Dia telah berhasil mencapai ranah core formation sebelumnya, tetapi itu masih belum cukup untuk menghadapi orang-orang itu. Belum cukup untuk membalaskan dendamnya!


Dadanya terasa sesak saat ini, kepalanya juga terasa sangat pening sampai ke titik ia bisa dengan mudah memuntahkan isi perutnya sampai habis. Ia lantas mendongak sembari memegang perutnya. Tatapan kosong itu menangkap kabut merah yang perlahan mengepul bersama dan membentuk bayangan samar.


Bayangan seorang wanita yang mengenakan hanfu merah menyala. Bayangannya terlihat sangat nyata di mata gadis itu, sehingga satu-satunya bukti bahwa dia bukanlah manusia adalah kabut merah yang terus mengikuti dirinya. Wanita itu tersenyum lebar seraya memandangi gadis yang menatap kosong ke arah dirinya.


Belum sempat gadis itu bereaksi. Segera, wanita itu muncul di belakangnya sambil memegangi pundak gadis itu dengan tatapan prihatin.


“Hei, apa kau merasa marah?”


Tiba-tiba wanita itu mengambil dagu gadis itu dengan tatapan licik. “Benar-benar menyedihkan. Manusia yang tidak berguna!”

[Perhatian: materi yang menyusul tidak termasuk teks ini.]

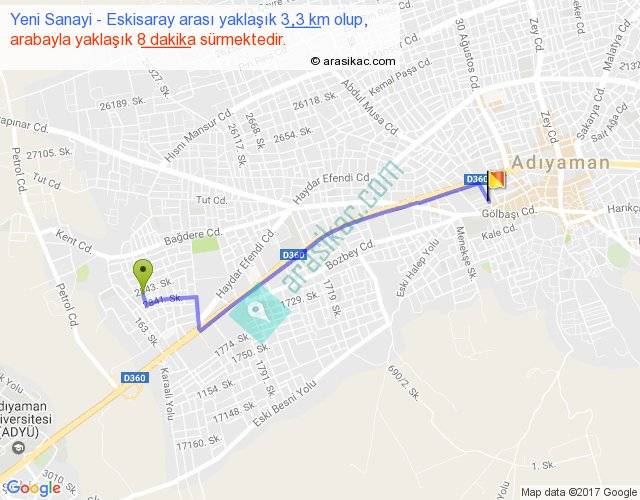 Yeni Sanayi - Eskisaray arası yaklaşık olarak 90 km/h ile yukarıda belirtilen sürede olup, iki yerin kuş uçuşu uzaklığı (mesafesi) 3'dir. Yolculuk otobüsle 10 dakika sürmektedir.

Menatap wajah gadis itu. Wajah yang terlihat putus asa. Rambut dan mata gelapnya yang menyatu dengan kegelapan. Kedua murid itu hanya bisa melayangkan tatapan tak berjiwa ketika mereka saling bersitatap. Tapi jika Rong Muxiu berada di sini dia pasti akan terkejut.


“Tahukah kau kenapa mereka semua berakhir menjadi genangan darah seperti ini? Mengapa? Ya, itu karena keberadaanmu. Eksistensimu merusak mereka semua, kesalahanmu dari awal adalah kelahiranmu yang merugikan orang lain! Kau juga merugikan keluarga biolongismu, karena itu mereka lebih memilih membuangmu.”Suara bangga itu bergema kala ia merentangkan tangannya dengan dagu yang terangkat.


“Dewi ini adalah kebencian yang mereka pendam kepadamu sejak lama, wujud yang menjadi ungkapan rasa benci mereka kepadamu! Sejak dulu, saudara se-perguruan yang paling dekat denganmu, Yang Jian, dia adalah murid yang paling berbakat. Sampai ketika gurumu itu membawa dirimu ke sini.“


“Baginya kau seperti matahari yang bersinar di antara bintang-bintang. Dia merasa iri kepadamu, itu sebabnya dia ingin berteman denganmu dan menghambat tingkat kultivasimu! Dengan terus mengajakmu berinteraksi dengannya meskipun ia tidak menginginkannya.” Wanita itu lalu tertawa terbahak-bahak.


“Ini benar-benar lolucon! Pantas saja orang-orang itu memburumu! Lalu mereka tidak ingin memberikan dirimu kepada orang-orang itu. Tapi jangan senang dulu! Itu mereka lakukan untuk menjaga dirimu yang mereka klaim sebagai harta mereka.”


“Tapi. Dewi ini akan memberikanmu bantuan, karena kau terlihat .. begitu menyedihkan.” Gadis itu tersadar dan mengalihkan kerja otaknya untuk menatap wanita itu.

__ADS_1


“Hei, a-apa Anda bisa membantu saya untuk .. menghabisi mereka?” Suara serak gadis itu terdengar di antara ruang gelap.


“Tentu saja,”


“B-bagaimana? Apa Anda bisa .. melakukannya? Membuktikan kekuatan Anda?” Tatapan cerah ia lemparkan kepada wanita itu.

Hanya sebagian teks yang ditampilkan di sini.